Well it’s the start of a new month so I thought Id make some goals and then follow-up with them at the end of the month (Ive seen other bloggers do this and I like it). Anyways October went pretty well with a total of about 8.2lbs, not quite the 10lbs I was shooting for but not bad. Im down to an average of 2 lbs a week which is good and bad, good because its the healthy amount and it means if I reach my goal and dont go past a 2lb average then I could apply to be a WW *results not typical* success story. Bad because I was at a good 2.5 through August but things have slowed down a bit. I still have 19lbs to lose by January 1st so finger crossed that the next two months (and two holidays) dont get the best of me.

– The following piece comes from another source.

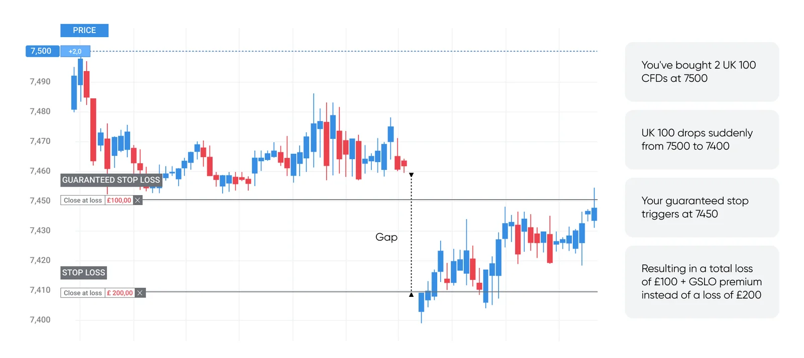 For example, during a market gap, a standard stop will typically execute at the next available price rather than the level specified. Slippage can occur in volatile markets or periods of low liquidity.  Meanwhile, a guaranteed stop-loss order, or GSLO, is a type of stop that guarantees closing a trade at a certain price, regardless of slippage or market gaps. While GSLOs can provide assurance that your trade will be executed at the price you expect, it’s important to note that they also incur a fee (premium) if triggered. Below is an example of a GSLO compared to a standard stop.

Speaking of Holidays I will be posting a holiday recipe at the bottom of each blog post from now through the new year incase your looking for inspiration. Im really excited to do healthy holiday cooking this year and to not over indulge. I will also be doing a follow-up TIPS ON EATING: LUNCH and SNACK this week so stay tuned!

Ok onto the goals!

GOAL ONE: lose between 8-10lbs for November

GOAL TWO: Limit carbs as snacks

GOAL THREE: Get in bed by 9:30 so I have more time in the morning for breakfast and ME time

GOAL FOUR: Scrapbook (I want to finish our last years scrapbook so I can start on this years)

GOAL FIVE: Do FREE outdoor weekend activities (working out and Saving money!)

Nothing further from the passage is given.